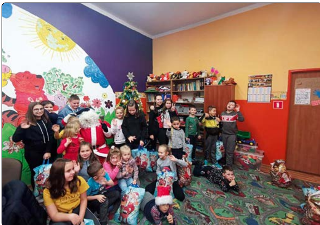
› ... gdzie został serdecznie przyjęty przez dzieci
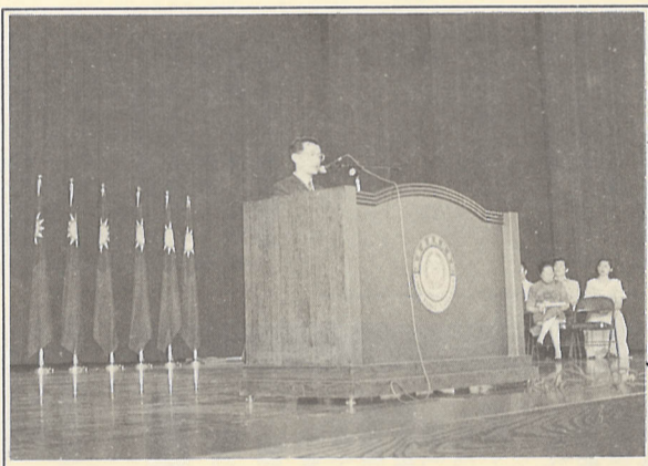
▲徐中雄立委蒞校演講，談如何與殘障人士相處。徐博士表示，雖然社會風氣隨著時代的轉變日益開放，但是大體上說來，整個社會環境還是無法全然接受殘障人士。

【本刊訊】為關懷殘障同胞，配合本校一系列的年度關懷殘障活動，協助本校殘障同學學習如何安頓自我的生活，並引導一般人建立與殘障者相處的正確觀念。本校於十一月十八日由中心輔中心力邀立委徐中雄博士蒞校演講，以一為題，現身說法，將自己的成長經驗與在場千餘位師生共同分享。徐博士表示：雖然社會風氣隨著時代的轉變日益開放，但是大體上說來，整個社會環境還是無法全然接受殘障人士。其實殘障者與一般人不同的地方多於與一般人不同的地方，而平時大眾在

### REQUIRED WORK
The full listing, transcribed exactly and without its pictures, is the expected result.

### TASK ANSWER
› ... gdzie został serdecznie przyjęty przez dzieci
▲徐中雄立委蒞校演講，談如何與殘障人士相處。徐博士表示，雖然社會風氣隨著時代的轉變日益開放，但是大體上說來，整個社會環境還是無法全然接受殘障人士。

【本刊訊】為關懷殘障同胞，配合本校一系列的年度關懷殘障活動，協助本校殘障同學學習如何安頓自我的生活，並引導一般人建立與殘障者相處的正確觀念。本校於十一月十八日由中心輔中心力邀立委徐中雄博士蒞校演講，以一為題，現身說法，將自己的成長經驗與在場千餘位師生共同分享。徐博士表示：雖然社會風氣隨著時代的轉變日益開放，但是大體上說來，整個社會環境還是無法全然接受殘障人士。其實殘障者與一般人不同的地方多於與一般人不同的地方，而平時大眾在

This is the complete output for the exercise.